(Dataset entries)

..............................

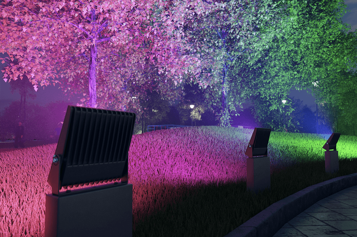 Яркие акценты в ландшафтном освещении - очевидный тренд современности. Свет, пробуждающий эмоции, влияет на настроение человека. Цветное освещение деревьев придает современный вид парку и создает целый сказочный мир, привлекающий к себе больше внимания.
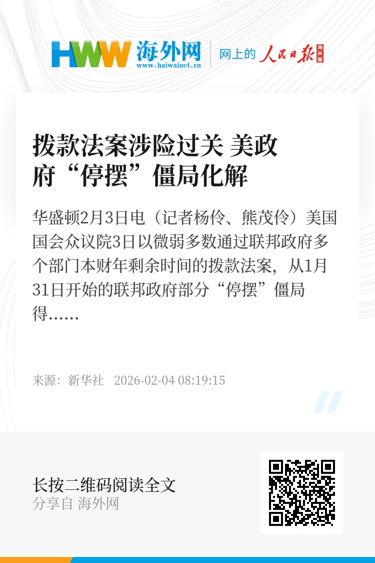 新华社华盛顿2月3日电(记者杨伶、熊茂伶)美国国会众议院3日以微弱多数通过联邦政府多个部门本财年剩余时间的拨款法案,从1月31日开始的联邦政府部分“停摆”僵局得以化解。共和党籍总统特朗普稍后签署这一法案。
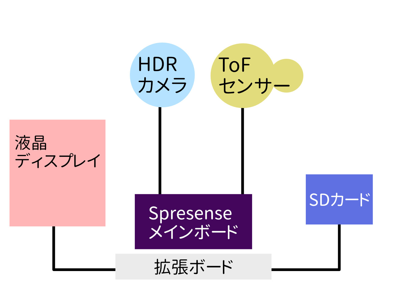 ハードウェアは、Spresenseメインボードを拡張ボードにセット、ToFセンサーとHDRカメラをメインボードに装着、LCDを拡張ボードとケーブルで接続、簡易ケースを作成しました。
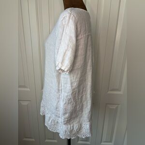 Terzo Millennio Made In Italy Linen White Eyeylet Lace Ruffle Hem Blouse
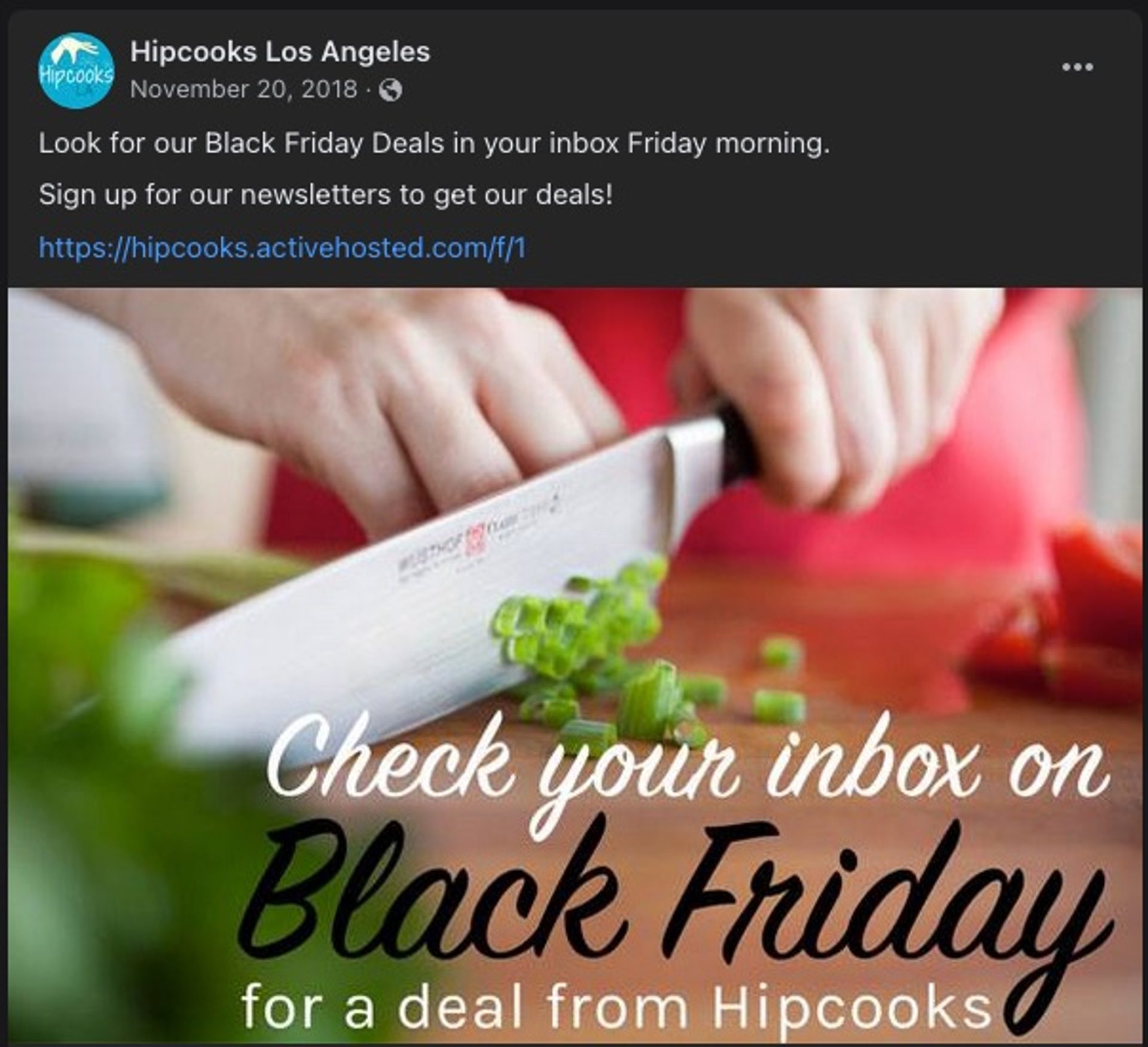 Aumente o hype em torno das suas ofertas da Black Friday fazendo com que as pessoas se inscrevam em sua newsletter. A Hipcooks (também cliente da ActiveCampaign) informou aos seguidores que as ofertas da Black Friday seriam compartilhadas pela newsletter por email.
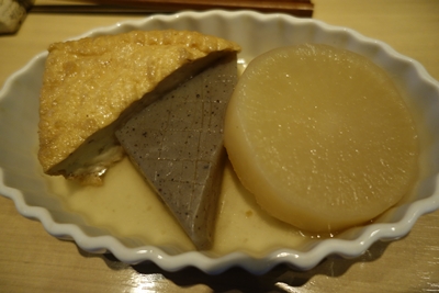 つづいてこの季節には欠かせないおでん!こっそりおでんが大好きなんですよね〜!とくにすきなのはこんにゃく!こんにゃく大好きなんです〜!いただいてみるといい出汁でていますね〜!おいしい〜!大根もほどよく歯ごたえを残してくれているので、食感も楽しめました〜!
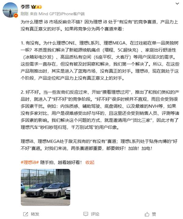 今日下午,理想汽车CEO李想发布微博表示:为什么理想i8市场反响会不错?因为处于“有没有”的竞争赛道,产品力上没有真正意义的对手。
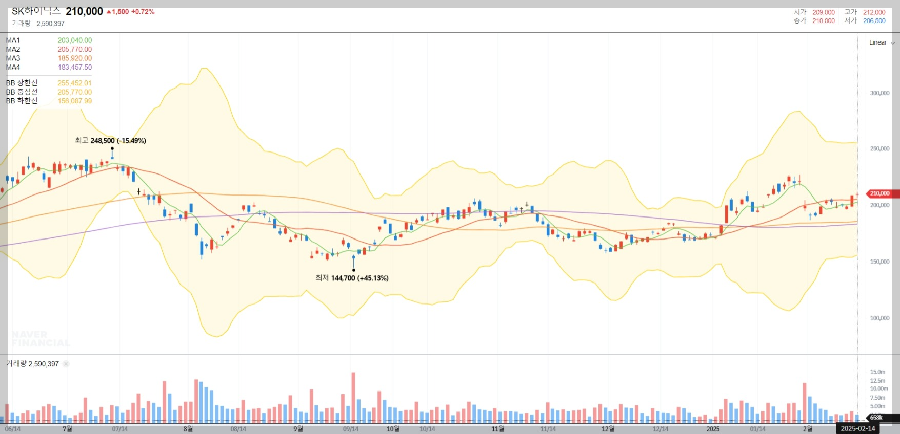2025년 2월 15일 기준 SK하이닉스의 주가는 210,000원으로 거래되고 있습니다. 최근 한 해 동안 최저 144,700원에서 최고 248,500원을 기록하며 변동성을 보였습니다.
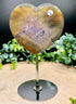Stunning druzy agate with amethyst inclusions. Stands included with order (and in height measurement). Details on each piece listed below:
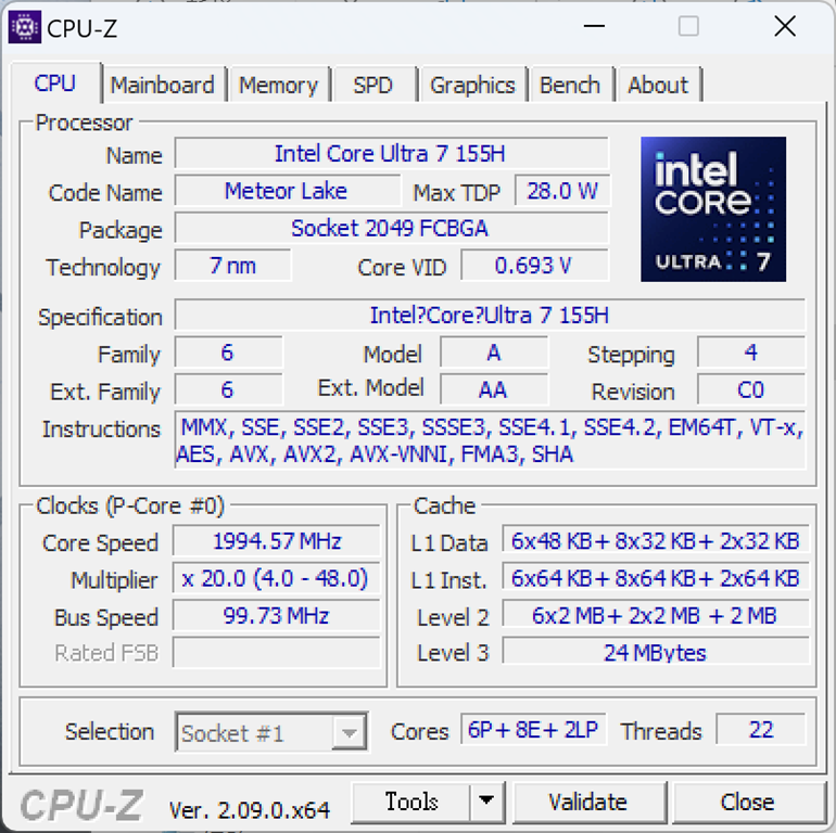 從 CPU-Z 可以看到 CPU 資訊,採用16 核心,也就是 6 P-core、8 E-Core 搭配 2 LP-core 的架構,並搭配 24MB L3 快取記憶體。
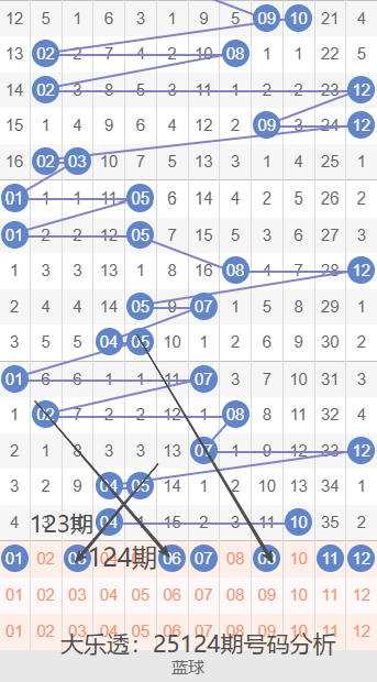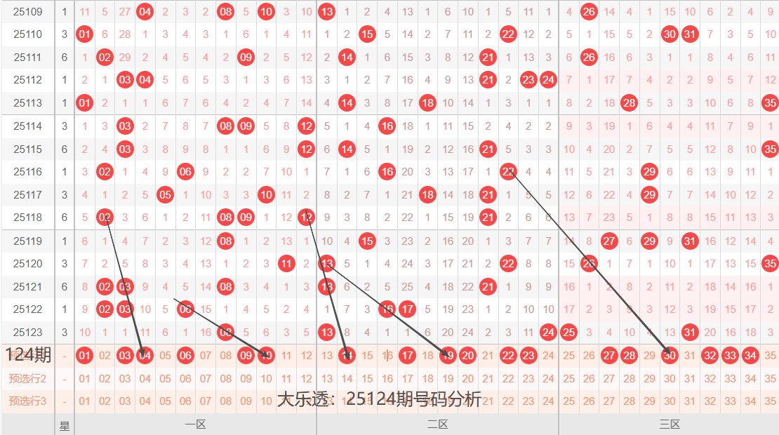通过上期号码的简单分析,我们看下25124期红色号码球的总体走势,如下图:
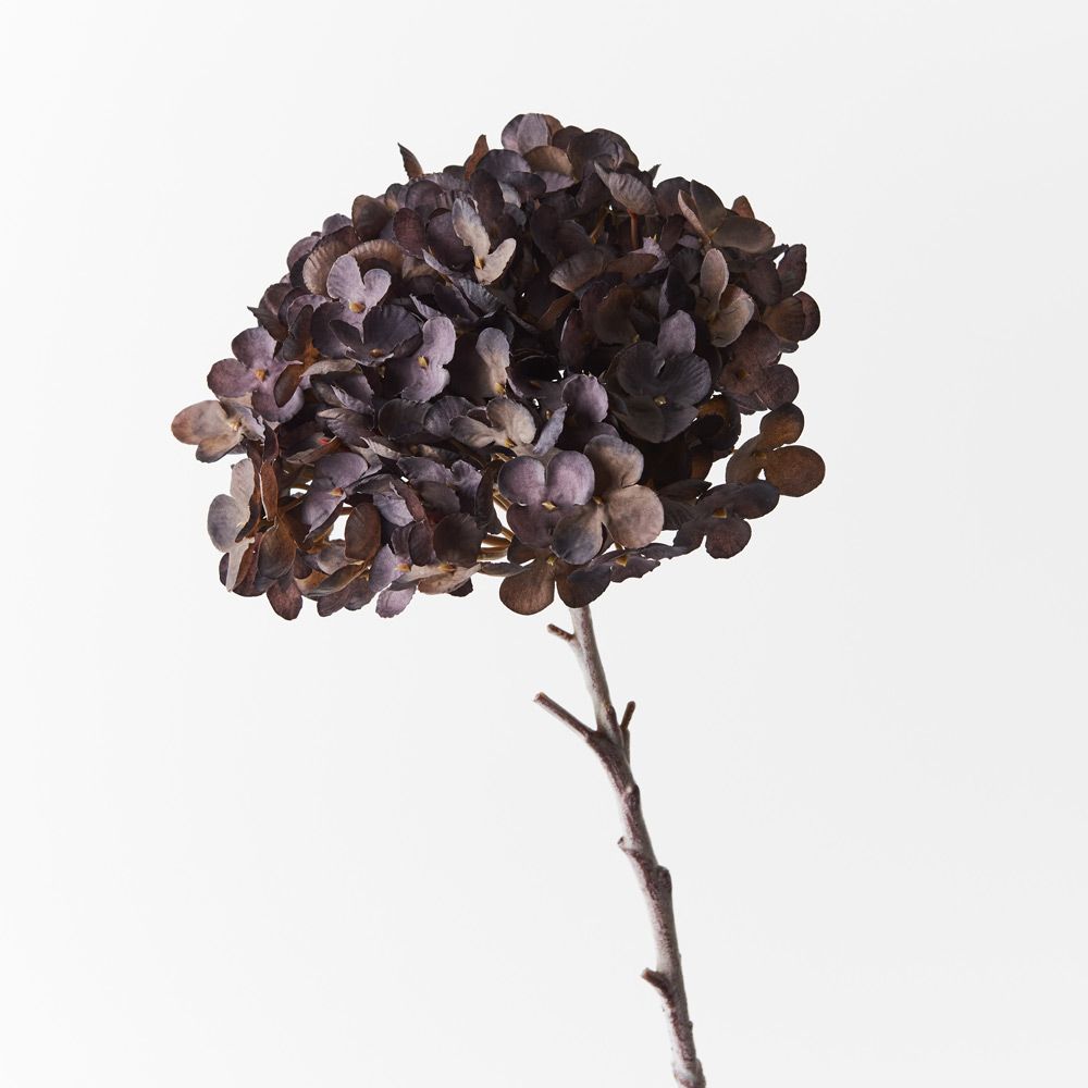 Easily maintained this gorgeous hydrangea flower stem in licorice will bring lasting beauty into your home. Create a one of a kind artificial arrangement mixing with other faux stems or place in a decorative vase on its own. Being artificial, this flower stem will offer lasting beauty with minimal maintenance, keep out of direct sunlight.

..............................

*What you are asked to do*.
Exact repeats of the lines from the first one in the data through the line containing "ハードウェアは、Sprese" make up the answer. Pictures do not.

*Solution to this exercise*.
 Яркие акценты в ландшафтном освещении - очевидный тренд современности. Свет, пробуждающий эмоции, влияет на настроение человека. Цветное освещение деревьев придает современный вид парку и создает целый сказочный мир, привлекающий к себе больше внимания.
 新华社华盛顿2月3日电(记者杨伶、熊茂伶)美国国会众议院3日以微弱多数通过联邦政府多个部门本财年剩余时间的拨款法案,从1月31日开始的联邦政府部分“停摆”僵局得以化解。共和党籍总统特朗普稍后签署这一法案。
 ハードウェアは、Spresenseメインボードを拡張ボードにセット、ToFセンサーとHDRカメラをメインボードに装着、LCDを拡張ボードとケーブルで接続、簡易ケースを作成しました。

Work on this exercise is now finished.